- _Activity_:
Reproduce, exactly and in full, the lines from the one with "Here, players can" through the one with "④第20年末转让净收入=50" in the data below; drop pictures.

- _Data listing_:
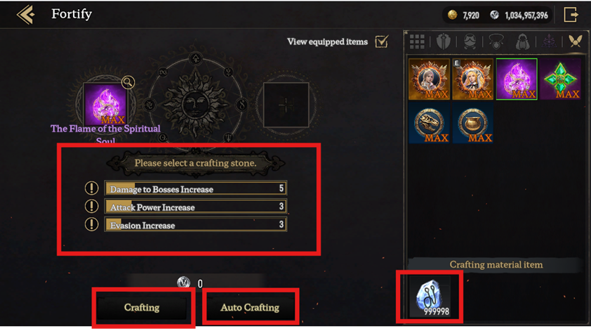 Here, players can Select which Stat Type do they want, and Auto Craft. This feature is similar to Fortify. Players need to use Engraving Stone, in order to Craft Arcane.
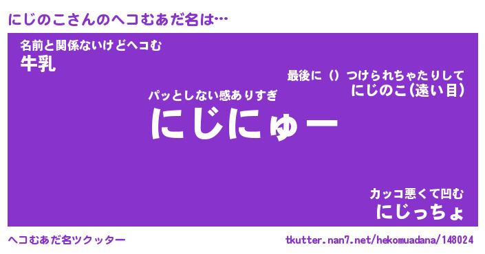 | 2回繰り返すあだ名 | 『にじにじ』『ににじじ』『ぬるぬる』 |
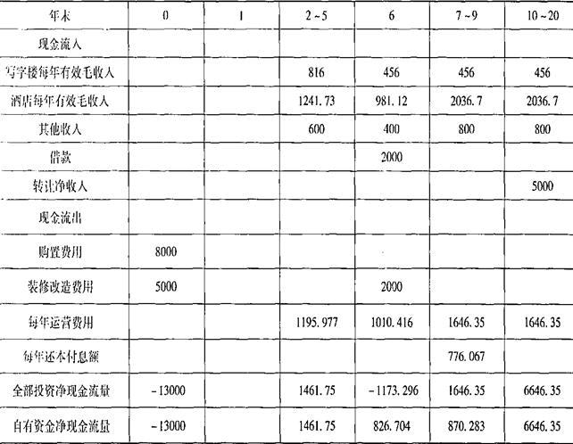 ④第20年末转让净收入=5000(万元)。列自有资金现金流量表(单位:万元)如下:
--
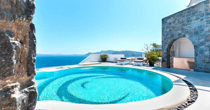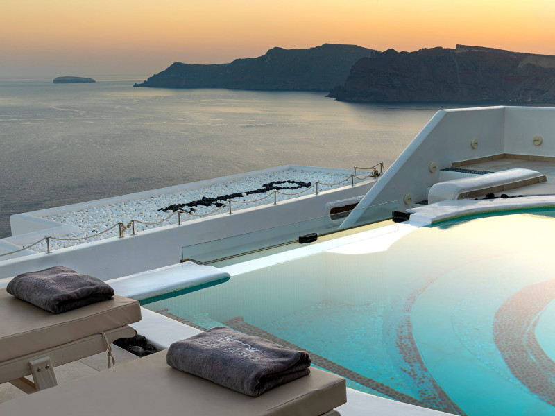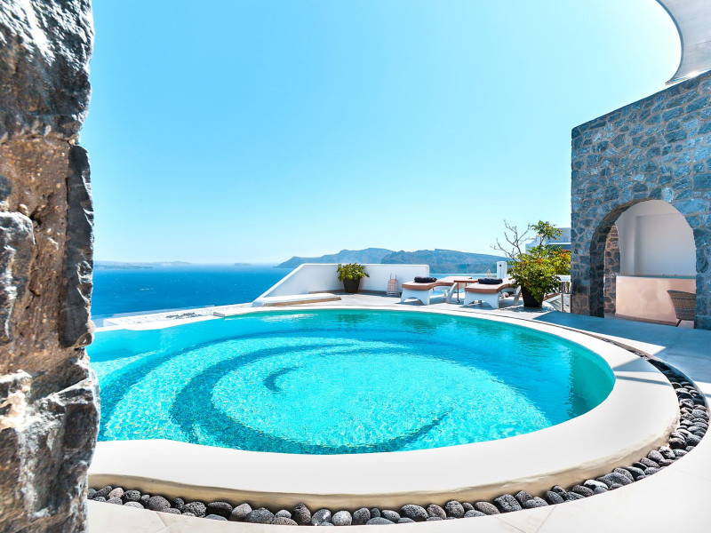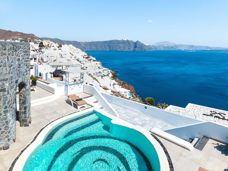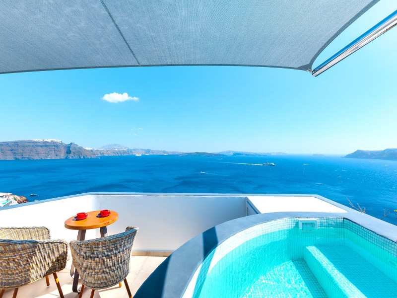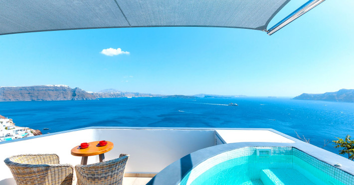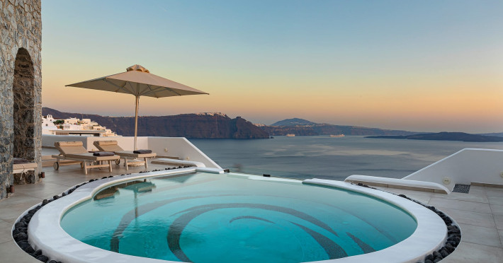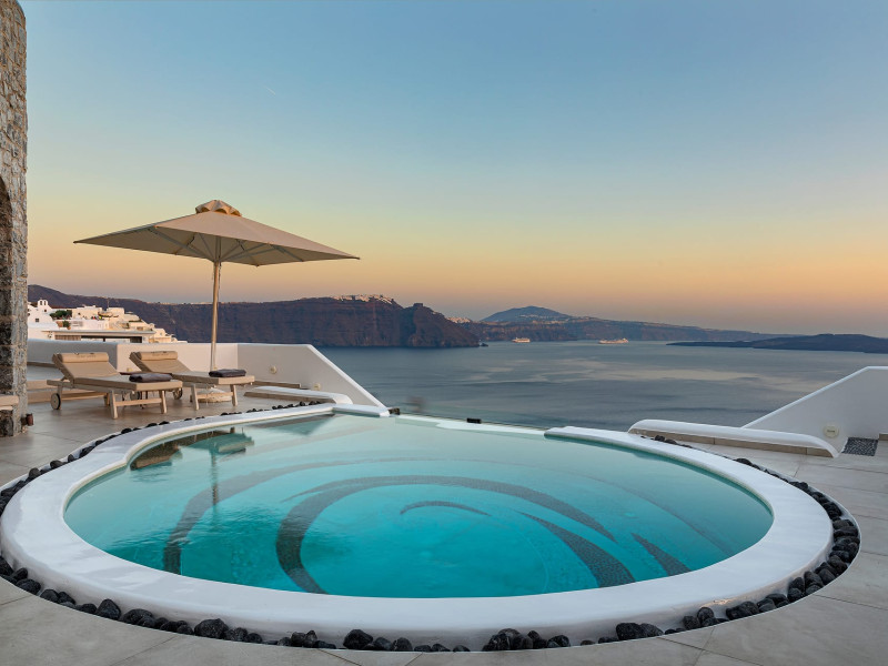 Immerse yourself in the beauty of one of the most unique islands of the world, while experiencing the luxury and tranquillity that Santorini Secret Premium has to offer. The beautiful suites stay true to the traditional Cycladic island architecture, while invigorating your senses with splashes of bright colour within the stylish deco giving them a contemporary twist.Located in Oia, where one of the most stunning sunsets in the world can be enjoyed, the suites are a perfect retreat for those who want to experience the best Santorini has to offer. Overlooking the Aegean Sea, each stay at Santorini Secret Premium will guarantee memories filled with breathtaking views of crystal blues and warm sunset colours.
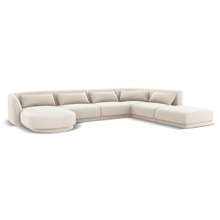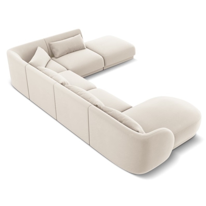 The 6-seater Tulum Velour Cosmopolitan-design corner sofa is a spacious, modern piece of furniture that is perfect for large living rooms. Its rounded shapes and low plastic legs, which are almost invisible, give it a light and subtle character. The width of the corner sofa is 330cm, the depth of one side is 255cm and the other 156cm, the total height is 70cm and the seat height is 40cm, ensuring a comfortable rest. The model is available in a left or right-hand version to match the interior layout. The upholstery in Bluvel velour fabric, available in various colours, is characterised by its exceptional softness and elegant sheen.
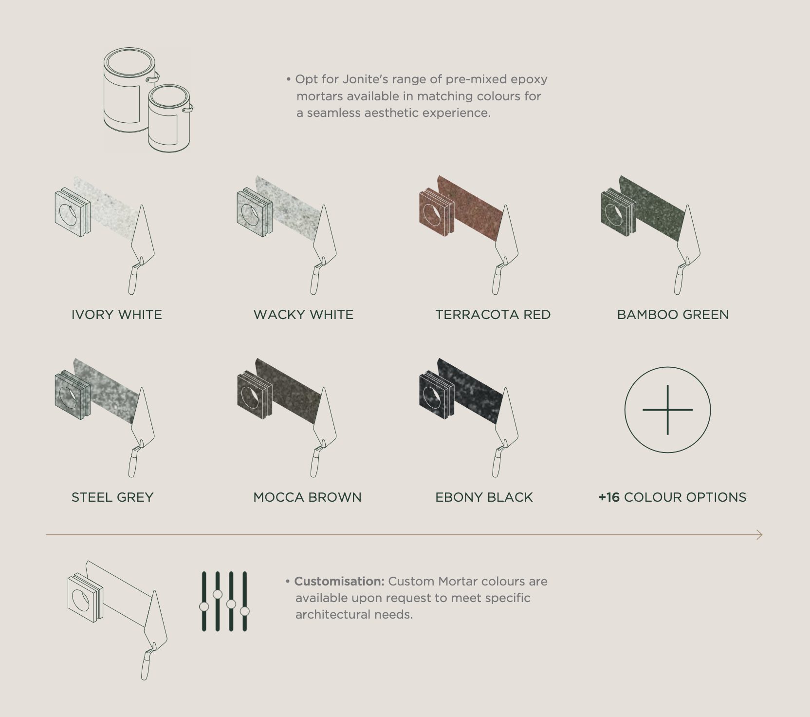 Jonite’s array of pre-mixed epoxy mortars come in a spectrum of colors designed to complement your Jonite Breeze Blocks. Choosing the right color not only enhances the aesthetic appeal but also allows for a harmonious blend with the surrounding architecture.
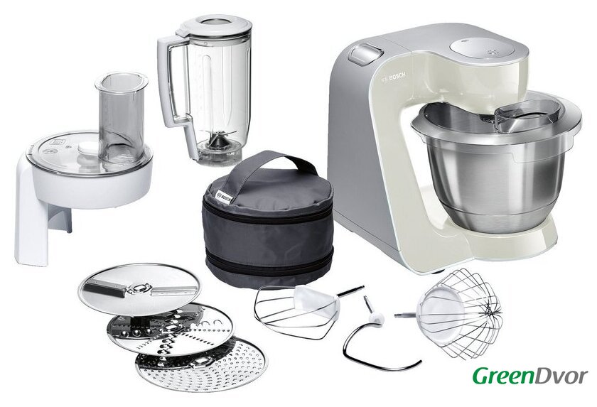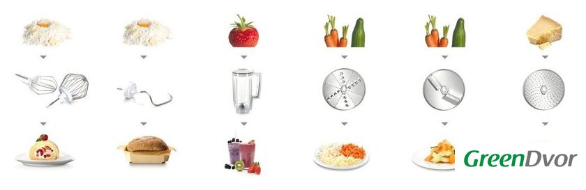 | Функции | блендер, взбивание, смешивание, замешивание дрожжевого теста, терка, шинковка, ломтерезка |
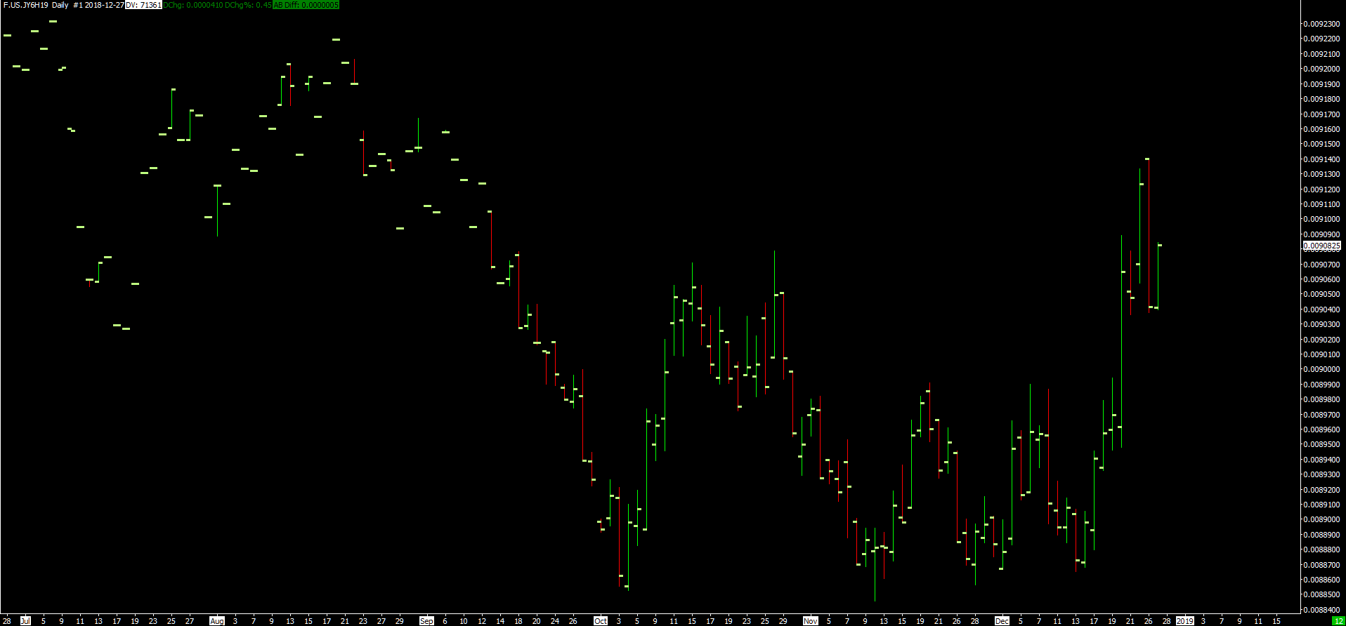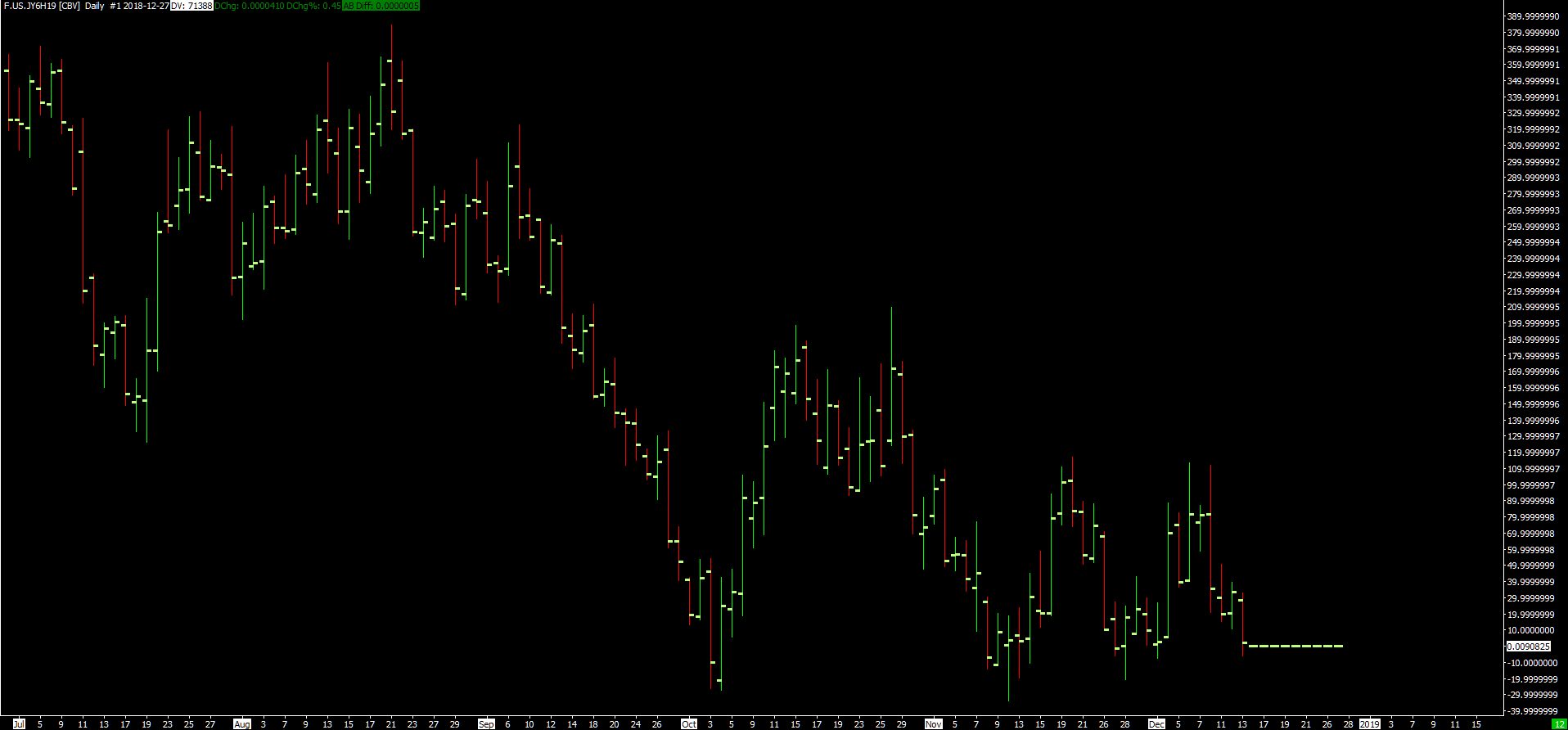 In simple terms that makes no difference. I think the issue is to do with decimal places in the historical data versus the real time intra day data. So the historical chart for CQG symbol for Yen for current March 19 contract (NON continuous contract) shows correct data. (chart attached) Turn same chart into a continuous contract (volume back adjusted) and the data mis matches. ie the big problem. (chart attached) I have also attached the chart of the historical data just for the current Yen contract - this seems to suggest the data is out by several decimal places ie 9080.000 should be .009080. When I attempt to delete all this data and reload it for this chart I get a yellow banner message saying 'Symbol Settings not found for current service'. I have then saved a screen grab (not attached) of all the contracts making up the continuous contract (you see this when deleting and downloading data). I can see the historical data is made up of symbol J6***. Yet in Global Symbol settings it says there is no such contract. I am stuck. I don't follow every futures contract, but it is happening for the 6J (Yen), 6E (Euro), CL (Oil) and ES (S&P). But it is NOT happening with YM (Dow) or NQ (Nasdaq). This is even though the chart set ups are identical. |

- _Result_:
 Here, players can Select which Stat Type do they want, and Auto Craft. This feature is similar to Fortify. Players need to use Engraving Stone, in order to Craft Arcane.
 | 2回繰り返すあだ名 | 『にじにじ』『ににじじ』『ぬるぬる』 |
 ④第20年末转让净收入=5000(万元)。列自有资金现金流量表(单位:万元)如下:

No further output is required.